Без сомнения, этот день никогда не наступит. Но Жером Кавалье, как и большинство протестантов, боялся, как бы благодаря какому-нибудь
неосторожному слову, не прорвалось так долго сдерживаемое общее неудовольствие. Он знал по опыту, что малейшее покушение на возмущение послужит
толчком к разорению и истреблению всех гугенотов в Лангедоке. Долго раздумывал он, как бы отвлечь сына от бездельничанья. Он хотел создать ему
жизнь, полную Деятельности и занятий, и таким образом предохранить его от опасных искушений. Жером решил женить его. Он остановился на дочери
богатого мандского хуторянина. Он предложил своего сына - и те согласились. Все почти было улажено между двумя семействами, а Жан Кавалье еще ни
о чем не догадывался. Так как обыкновенно все подчинялось непреклонной воле старого протестанта, то он и на этот раз не сомневался в послушании
своего сына. Он предвидел кое-какие затруднения касательно Изабеллы, но у него было верное средство устранить это препятствие.
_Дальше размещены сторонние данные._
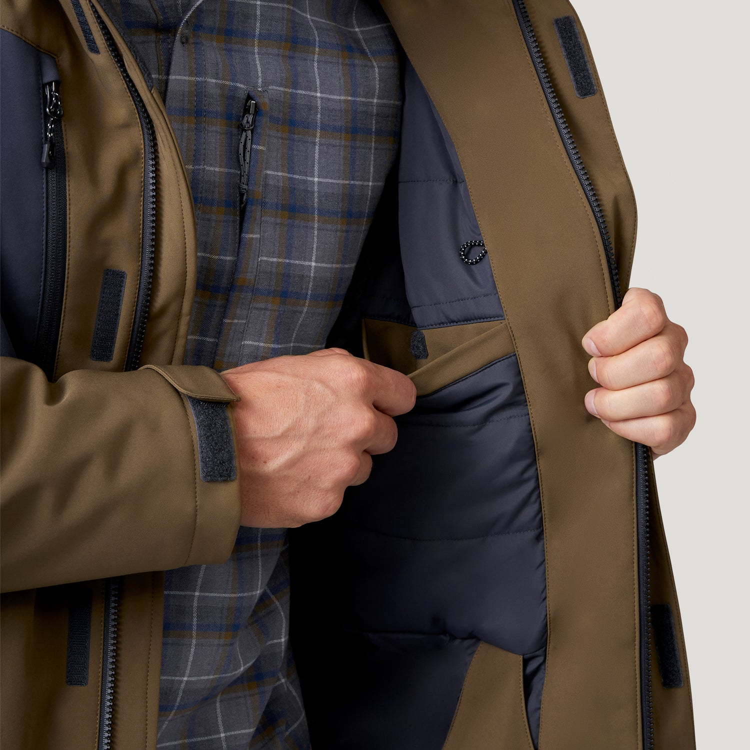 This is the jacket you'll want to have during cold weather conditions. Our three-layer bonded fabric is built to perform and can withstand it all! The interior lining is packed with a warm fill to keep your body heat locked in while the inner snow skirt keeps all moisture out! We've extended this to the water and wind resistant shell so you never have to worry about rain or snow seeping in. This is the ultimate cold weather must-have!

Имея в виду этот важный разговор с сыном, хуторянин со строгим и недовольным видом вошел в комнату, где ожидал его Жан.
ОТЕЦ И СЫН
Гугенот сел. Жан почтительно, но не совсем спокойно, стоял перед отцом.
- Мой сын ответил мне сейчас за ужином, как непристойно отвечать почтительному сыну, - начал строгим голосом старик.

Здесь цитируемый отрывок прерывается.